Debatrix: Multi-dimensional Debate Judge with Iterative Chronological Analysis Based on LLM

TL;DR

Debatrix tackles automated judgment of long, multi-turn debates by combining iterative chronological analysis with multi-dimensional evaluation guided by memory-augmented LLMs. It introduces PanelBench, a benchmark comprising DebateArt and BP-Competition to evaluate debate-judging systems against real outcomes. The framework uses memory for context and analysis, plus specialized judges to generate per-speech, per-debater, and final verdicts, with dimensional collaboration producing a cohesive assessment. Results show that Debatrix outperforms direct LLM prompting and baseline variants, particularly by addressing long-context challenges and leveraging dimension-specific analyses, though issues like position bias and ethical considerations remain areas for further work.

Abstract

How can we construct an automated debate judge to evaluate an extensive, vibrant, multi-turn debate? This task is challenging, as judging a debate involves grappling with lengthy texts, intricate argument relationships, and multi-dimensional assessments. At the same time, current research mainly focuses on short dialogues, rarely touching upon the evaluation of an entire debate. In this paper, by leveraging Large Language Models (LLMs), we propose Debatrix, which makes the analysis and assessment of multi-turn debates more aligned with majority preferences. Specifically, Debatrix features a vertical, iterative chronological analysis and a horizontal, multi-dimensional evaluation collaboration. To align with real-world debate scenarios, we introduced the PanelBench benchmark, comparing our system's performance to actual debate outcomes. The findings indicate a notable enhancement over directly using LLMs for debate evaluation. Source code and benchmark data are available online at https://github.com/ljcleo/debatrix .
Paper Structure (36 sections, 5 figures, 19 tables)
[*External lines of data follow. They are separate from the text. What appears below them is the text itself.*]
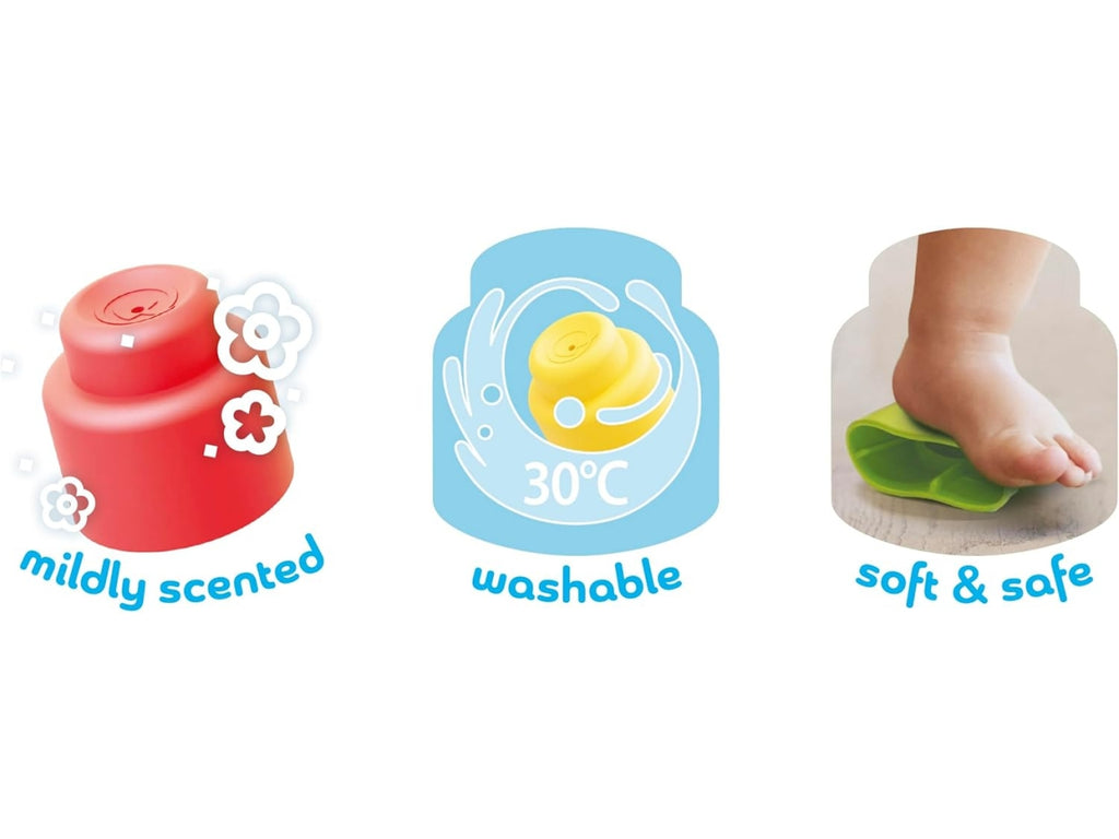 Blocchi da costruzione realizzati in materiale certificato, morbido al tatto e leggermente profumato per stimolare tutti i sensi. Superfici lavabili e resistenti, ideali per l'esplorazione tattile dei neonati. Costruzioni morbide per bambini che garantiscono sicurezza totale anche durante la fase orale di scoperta del mondo.
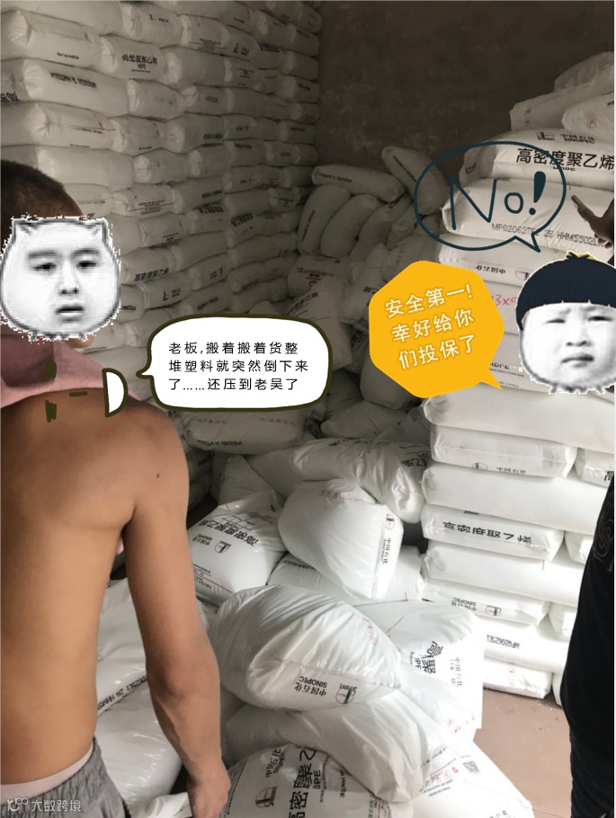 装卸员每天围绕塑料堆打转工作,扭伤、刮伤、撞伤……“意外”是无法预估的。意外难以鉴定,理赔没有依据成了压垮商家的最后一根稻草。虽然没法从根本上降低意外出现的概率,但出于对生命的敬畏,购买一份乐从塑料协会&中塑之都搬运工工伤保险,为商家和搬运从业者一同保驾护航。
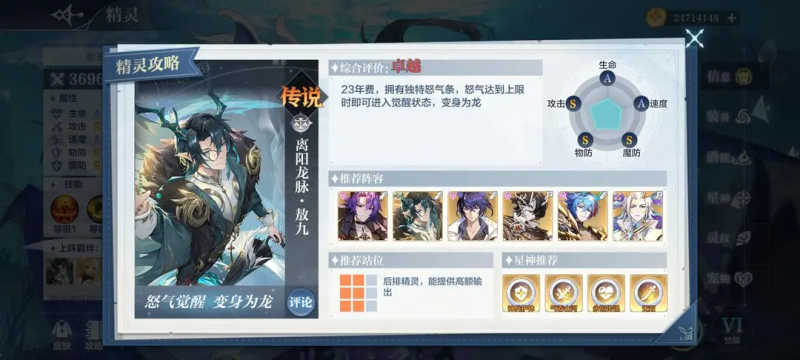 生命:A|攻击:SS|物防:B|魔防:A|速度:S
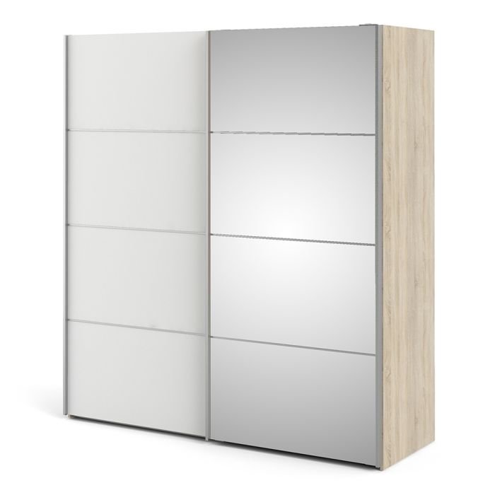 Ross Sliding Wardrobe 180cm in White with Oak Doors with 2 Shelves
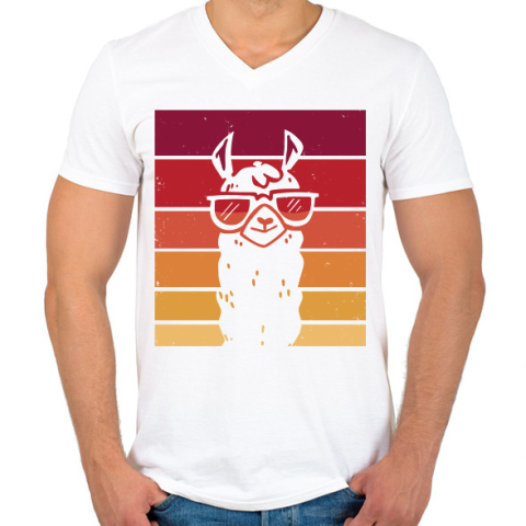 1 kép PRINTFASHION Retro láma - Férfi V-nyakú póló - Fehér
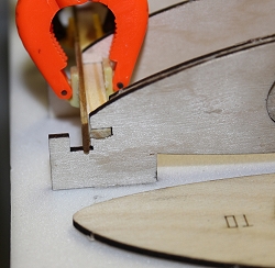 Hier ist die Abschlußrippe schon mal aufgestgeckt. Das Loch in der
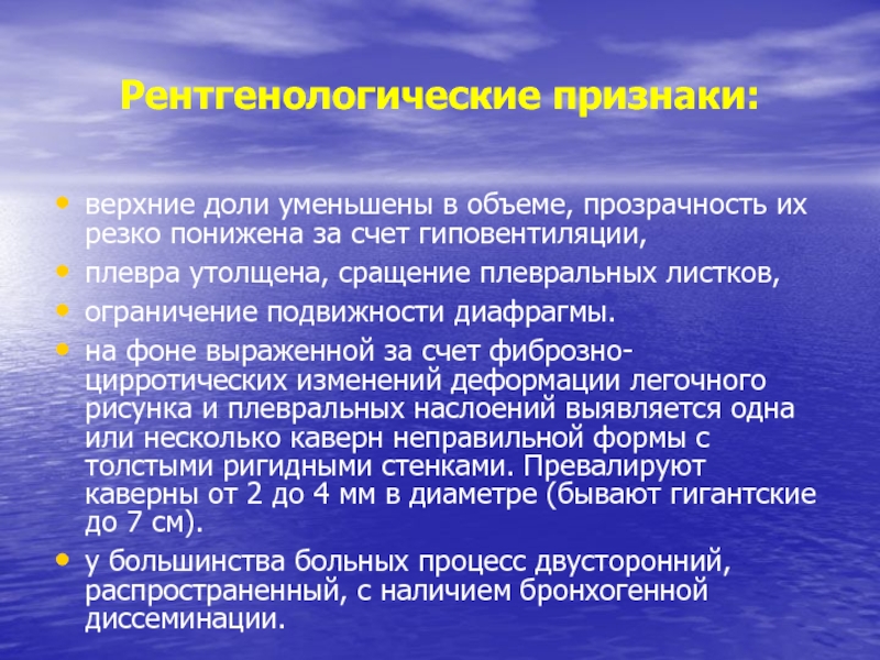 на фоне выраженной за счет фиброзно-цирротических изменений деформации легочного рисунка и плевральных наслоений выявляется одна или несколько каверн неправильной формы с толстыми ригидными стенками. Превалируют каверны от 2 до 4 мм в диаметре (бывают гигантские до 7 см).

This paper contains 36 sections, 5 figures, 19 tables.

Figures (5)

  • Figure 1: An LLM debate judge judging a debate between Alice and Bob. The LLM needs to understand the arguments and how they counter each other (purple bubble); the LLM also needs to evaluate the speeches in multiple dimensions (orange bubble). However, multi-round debates are often long, detracting attention or exceeding the context window (light gray bubble).
  • Figure 2: General structure of Debatrix. ①: add speech to context memory; ②: retrieve relevant pieces of context and analysis; ③: add analysis and reflections to analysis memory; ④: fetch analysis for final judgment. The framework can generate speech/debater judgments and the winner verdict based on analysis from single or multiple dimensions.
  • Figure 3: A more detailed version of an iterative chronological analysis. "JudgeGen." is a shorthand for "judge/verdict generator" that produces judgments and verdicts. Blocks and numbers match the ones in Figure \ref{['fig:framework']}, except the debate analyzer not shown in Figure \ref{['fig:framework']}.
  • Figure 4: Combining multiple dimensional debate analyses into one systematic analysis at the end of the debate. Each dimension possesses a memory for dimensional content analysis, allowing a more nuanced understanding of the debate.
  • Figure 5: Winner prediction RMSE on DebateArt debates with different numbers of speeches (left) or tokens (right). Note that Debatrix (light blue bar) always reaches a relatively low RMSE regardless of the number of speeches or tokens; no other model can achieve this.